Material shown below:

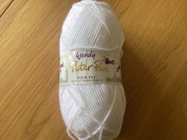 Peter Pan 4ply sparkly white 1 x 50g ball.
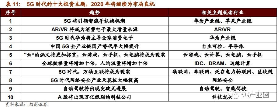 具体而言2020年我们将看到5G手机换机周期、VR/AR带来的消费电子增量、云游戏、云电脑、云手机概念将继续导入,而数据流量也将随着通信技术的革新而成数倍增加,5G时代中国的主导力量将大于过去任何一轮通信技术革命带来的新科技周期,华为将主导全球消费电子,5G全产业链的国产替代率也将大幅提升,万物互联时代也将在5G时代真正实现,而随着连接数的增加,网络安全的天花板也将会大幅提高,这些领域里面有些可能很快就可以看到业绩上的体现,为此招商证券提出2020年5G新科技周期下的十大投资主题:
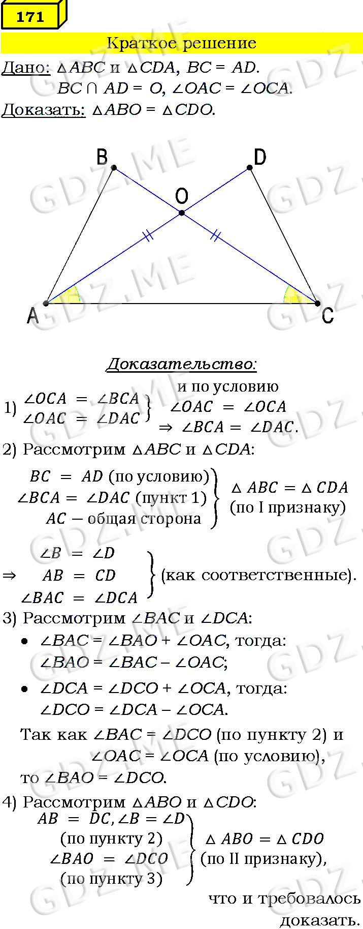 Подробный вариант решения из решебника (ГДЗ): Номер номер 171 (НОМЕРА РЕШЕНИЙ) по предмету Геометрия, за 7 класс, авторы учебника Л.С. Атанасян, В. Ф. Бутузов, С. Б. Кадомцев.
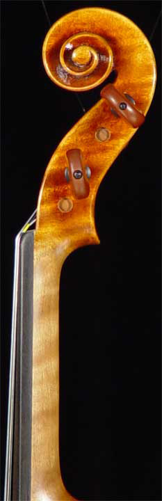 Visually striking, and tonally superior, for the artist player looking for an exceptional instrument. Available to either Guarneri or Stradivari model, and made with highly figured maple and choice spruce. Great workmanship, with rich and carrying sound. The Guarneri model has a slightly darker tone. Fine quality varnish and fittings.
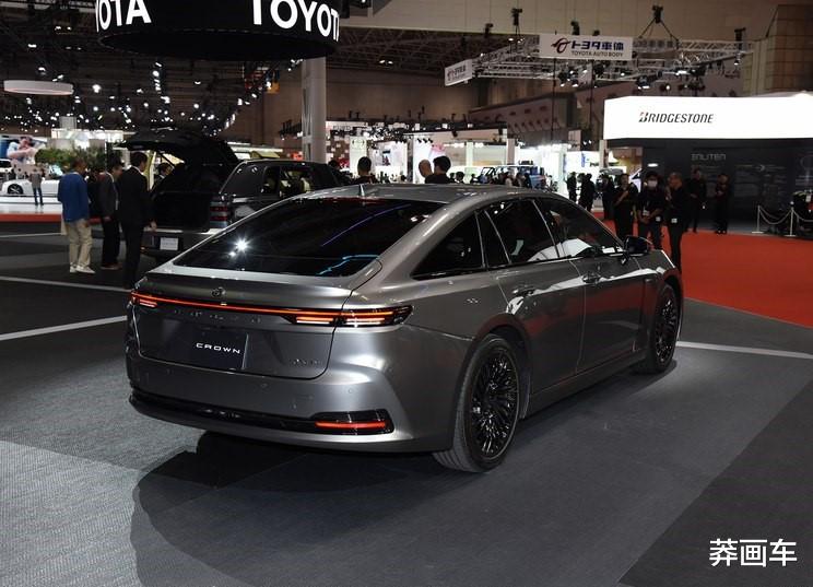 在东京车展首发的皇冠Sedan车型,其为一款中大型三厢轿跑车,该车外观采用了大尺寸的垂直格栅中网,配合镀铬装饰显得十分霸气。车头两侧设计了导流槽,能够提升空气动力学表现。新车采用了细长的大灯和贯穿式的LED灯带,科技感十足。
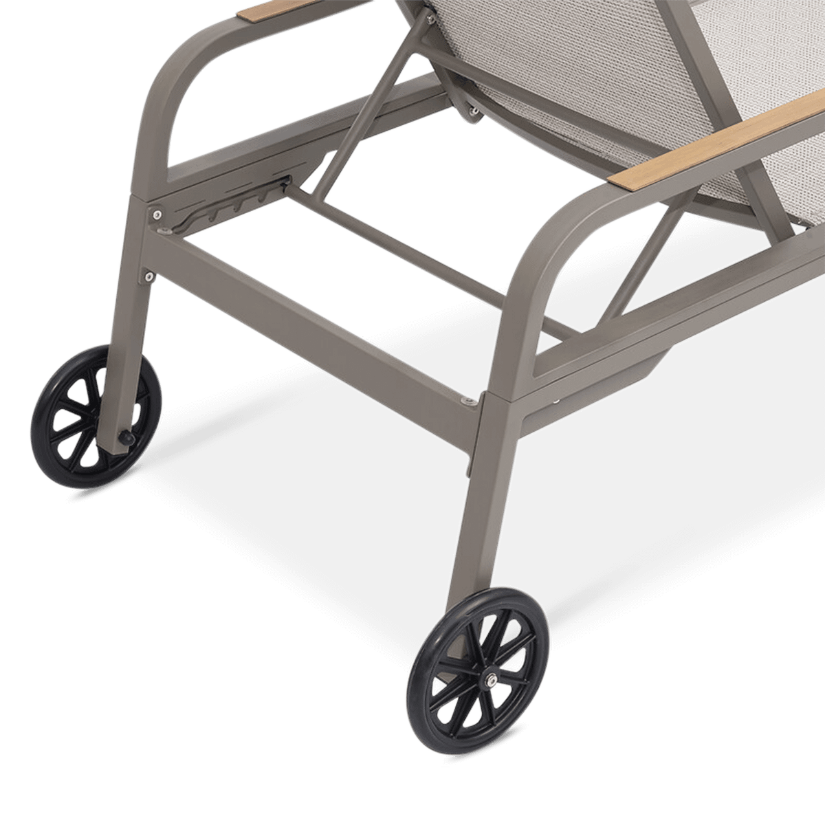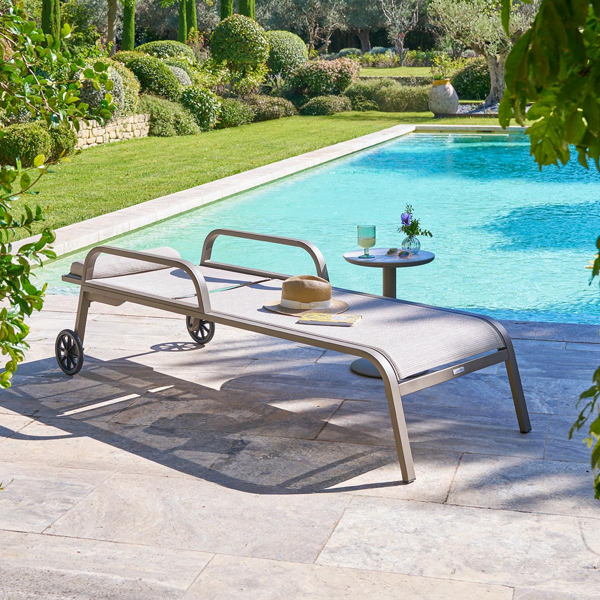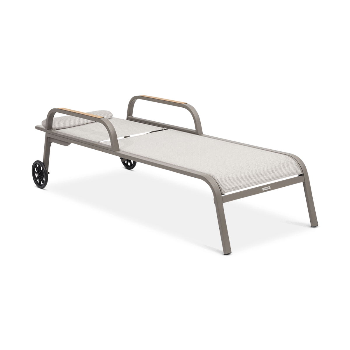 Het lichte aluminium frame in Koffiekleur geeft een verfijnde en rustgevende uitstraling, terwijl het Beige textileen ligvlak zacht aanvoelt en snel droogt. De grote wielen maken het ligbed eenvoudig verplaatsbaar.

End of Material shown.

:: What is needed ::
From the line holding "Visually striking, and" to the line holding "在东京车展首发的皇冠Seda", both included, retype the entries above exactly and drop the pictures.

:: Written response ::
 Visually striking, and tonally superior, for the artist player looking for an exceptional instrument. Available to either Guarneri or Stradivari model, and made with highly figured maple and choice spruce. Great workmanship, with rich and carrying sound. The Guarneri model has a slightly darker tone. Fine quality varnish and fittings.
 在东京车展首发的皇冠Sedan车型,其为一款中大型三厢轿跑车,该车外观采用了大尺寸的垂直格栅中网,配合镀铬装饰显得十分霸气。车头两侧设计了导流槽,能够提升空气动力学表现。新车采用了细长的大灯和贯穿式的LED灯带,科技感十足。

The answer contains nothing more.